I also use those tricks, and massively link hashes and keys to IPs. A simple md5() with a rather complex salt will do. Just remember NEVER to md5() the md5(). I mean, do NOT do this: $securityhash=md5(md5($ip)); PHP: Since, provided you have a good salt, it will only reduce your security level (you're md5'ing a 32-char string instead of your secure & complex salt)
Sanitize all inputs. Everywhere. Even places you think aren't necessary. Store as little as possible clientside - if possible just hand out completely hashed keys, don't let the client get a cookie like 'userid=199241' or 'username=hello'. Do as much as possible server side - do not trust any part of the client at all. Hash IP, useragent, etc., all into the cookie if possible and drop session if ANY changes. The client is extremely hostile territory and is not to be trusted. Use salted SHA512 instead of md5. Use time-based XSRF tokens on each form that change every single reload (forums, login page, etc) If a client sends a bad key, log it. Have session cookies change every single page - if cookies are stolen by a third party, and the legit user browses another page, the old cookies are useless.
I use the same trick, but sometimes it is not best way to do. I mean the situation when ISP works like proxy. Some ISP can use several gateways to send traffic from visitor to server. It means that your visitor can log in using one IP-address (for example: 100.100.100.93), but next request will be sent from another IP (for example: 100.100.100.98) - in this case session will be lost.
Wouldn't checking the browser, ip etc on every page load slow the server down? I mean I have over 500 users online at once on my gaming site, right now they each have a key stored in the database which is md5(time+email+password). It never changes. Session stealing is pretty easy, but I've managed to secure my site against XSS. What do you think?

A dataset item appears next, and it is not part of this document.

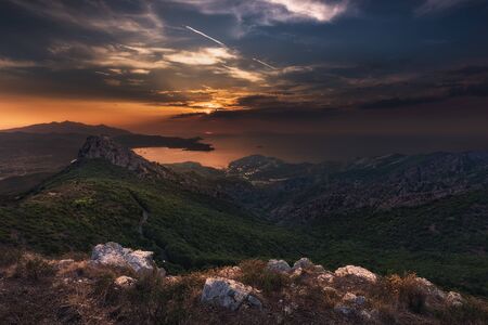 Sun rising over the silhouetted coastline of Cap Corse and the ancient mountain village of Speloncato in Corsica

I've personally, have stored a key based off the session key which is encrypted into md5 and 512 and 256 an, will log both users out if the key is duplicated. Meaing no two users can have the same key. Not only this the key changes on every load. Making it almost impossible to hack. Using Ip is bad, as with php more then one person can actually have the same ip because of the router
It's sent every pageload, why would it be slower than a single db query? It's not just XSS btw - you can trick a user into typing a javascript: link and it would expose your cookies. Don't forget human retardism in addition to technical means. My webapps all have multiple keys (3 cookies) and change per pageload and there isn't much of an impact serverside.
I think it's just the session ID that's stored in a Cookie not the session information (normally), the actual session data is stored on the server as far as I know, this is why some auth systems and stuff can work with cookies disabled if there is a SID in the URL.

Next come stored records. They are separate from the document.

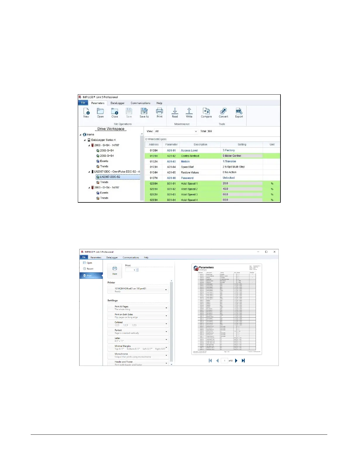 IMPULSE•Link 5 can print Parameter sets, Event information, and Trending data.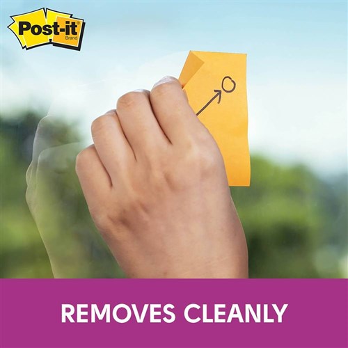 Super Sticky Post-it® adhesive ensures that notes stick practically anywhere such as computer monitors, filing cabinets & furniture, and remain as easily removable as original Post-it® Notes.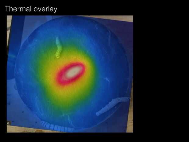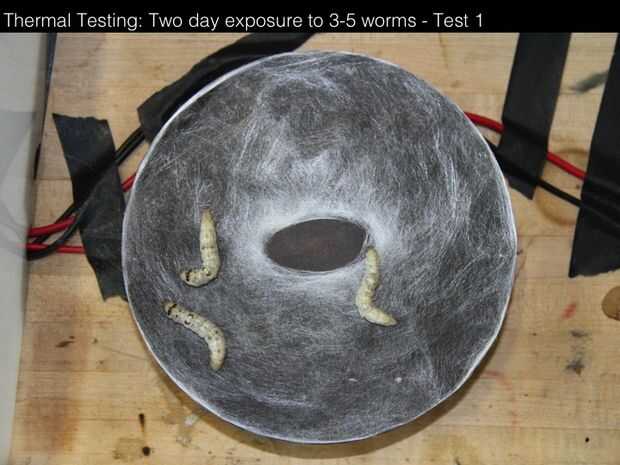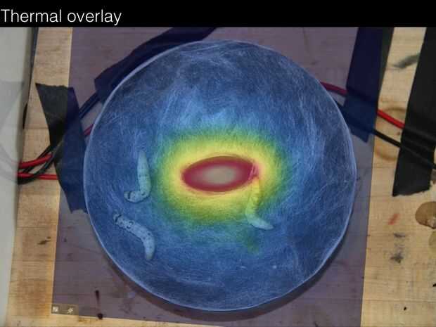 Para el experimento real, coloqué 3-5 gusanos de spinning en la superficie durante dos días. Tomé la temperatura de la placa con una cámara FLIR. Como puede verse en las imágenes térmicas, el calor es oval-como debido a la forma rectangular de la resistor de la energía. El gradiente de temperatura entre un núcleo caliente (alrededor de 140C) a temperatura ambiente.

You are correct. The key is to validate session information as people move throughout your site, so my suggestion would be create a sess_check function that is called at the top of your pages to validate the info
Indeed, so as long as you dont store sensitive information in Cookies like passwords with no encryption your being fairly secure, also a good idea to check cookies havnt been stolen by checking the IP address in the cookie against the request if you can.